# Lean2Isabelle Supplementary Artifact

This supplementary repository contains a compact, sanitized artifact for the
Lean-to-Isabelle proof-translation experiments. It includes sampled training
data, compact external-format examples, core pipeline scripts, prompt
templates, and environment instructions.

## Repository Structure

```text
.
├── dataset/
│   ├── minif2f_dsp_isa.jsonl
│   ├── split_stats.json
│   ├── schema.md
│   └── sampled_train/
│       ├── statement_sft_train_sample.jsonl
│       ├── theory_sft_train_sample.jsonl
│       ├── grpo_train_sample.jsonl
│       └── sample_manifest.json
├── pisa/
│   └── README.md
├── prompts/
├── scripts/
│   ├── pipeline.sh
│   └── train_grpo_mvp.sh
├── src/
│   ├── grpo_mvp.py
│   ├── teacher_translate.py
│   ├── train_grpo_mvp.py
│   └── verify.py
├── lean2isabelle.yml
└── lean2isabelle-ml.yml
```

## Installation

```bash
conda env create -f lean2isabelle.yml
conda activate lean2isabelle-supp
```

`lean2isabelle.yml` is the default environment for prompt construction, teacher
dry-runs, and reward smoke tests. It intentionally does not include PyTorch,
TRL, vLLM, Isabelle, PISA, or any project-specific package.
The default smoke tests do not require model weights, GPUs, Isabelle, or PISA.

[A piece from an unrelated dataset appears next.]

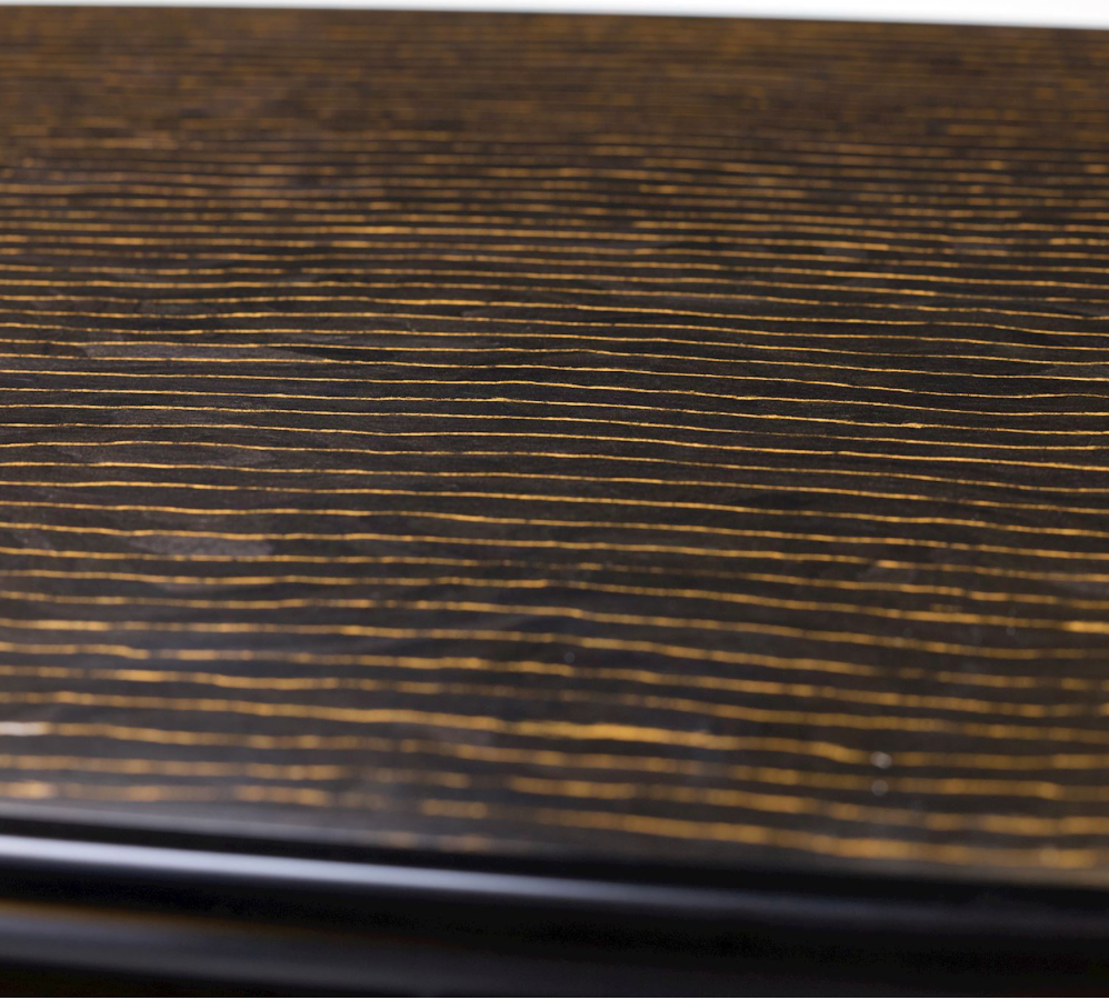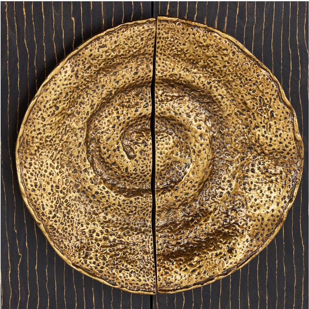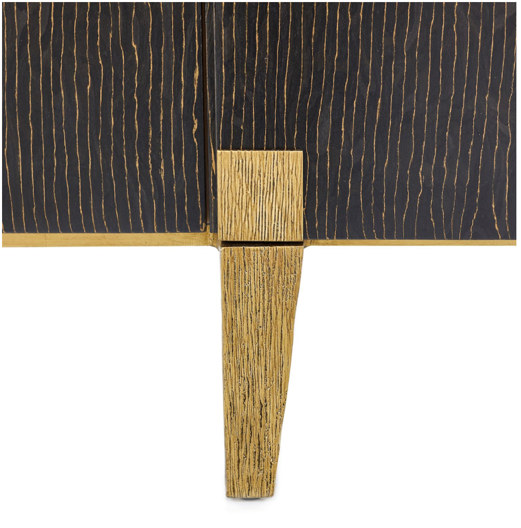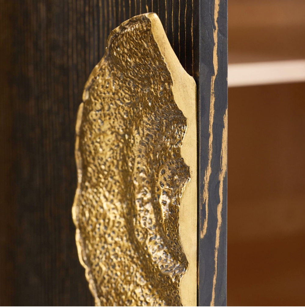The Fiore Credenza is a chic contemporary piece with naturally inspired motifs. Crafted from beech, ebony, and maple woods, the piece features a clear coat finish and showcases subtle texturing. The credenza is supported by eight aluminum legs in an Antique Gold finish, beautifully complementing the dark tones of the body. The piece displays six doors, with two affixed with aluminum handles in Antique Gold depicting a gorgeous floral design. Four single compartments and one double compartment all come with a single adjustable shelf.

For full teacher API calls or GRPO training, use the optional ML environment as
a starting point:

```bash
conda env create -f lean2isabelle-ml.yml
conda activate lean2isabelle-ml
```

The artifact is designed to run without any checkout of the full experiment
codebase. `scripts/pipeline.sh` clears `PYTHONPATH` and disables user-site
Python packages before running the smoke test.

## Smoke Test

```bash
bash scripts/pipeline.sh
```

The script compiles the core Python files, runs dry-run teacher translation for
statement and theory stages, orders sampled GRPO examples by difficulty, and
runs the GRPO-MVP prompt preparation and reward smoke test without starting
model training.

## Teacher Translation

The clean teacher-generation entry point is `src/teacher_translate.py`. It
preserves the statement and proof-stage prompt templates used by the
SFT/evaluation scripts, but omits retrieval backends, PISA filtering,
semantic-retry loops, raw logs, private endpoints, and run-state files.

```bash
python src/teacher_translate.py \
  --stage statement \
  --input dataset/sampled_train/grpo_train_sample.jsonl \
  --output outputs/statement_teacher.jsonl \
  --dry_run

python src/teacher_translate.py \
  --stage theory \
  --input dataset/sampled_train/grpo_train_sample.jsonl \
  --output outputs/theory_teacher.jsonl \
  --dry_run
```

For an OpenAI-compatible teacher API, set the key in an environment variable
and pass `--model`. The script contains no hard-coded keys, private endpoints,
local paths, logs, or PISA process management. Real API calls require the
optional ML environment, or at least `pip install openai`. Dry-run outputs
contain full prompts, and real-call outputs contain raw model generations and
provider error strings; both should be treated as derived data if run on
private inputs.

## GRPO-MVP Training

The compact training scaffold is in `src/train_grpo_mvp.py`. It includes:

- prompt construction from `dataset/sampled_train/grpo_train_sample.jsonl`;
- a bounded MVP reward wrapper where strict verifier success receives reward
  `1.0` and failed proofs receive at most `lambda_mvp`;
  - a verifier abstraction with a structural smoke-test backend and a small
    `pisa_http` adapter boundary for a local Portal-to-Isabelle wrapper;
- a TRL `GRPOTrainer` entry point for running GRPO-MVP training when model
  weights and the verifier backend are available.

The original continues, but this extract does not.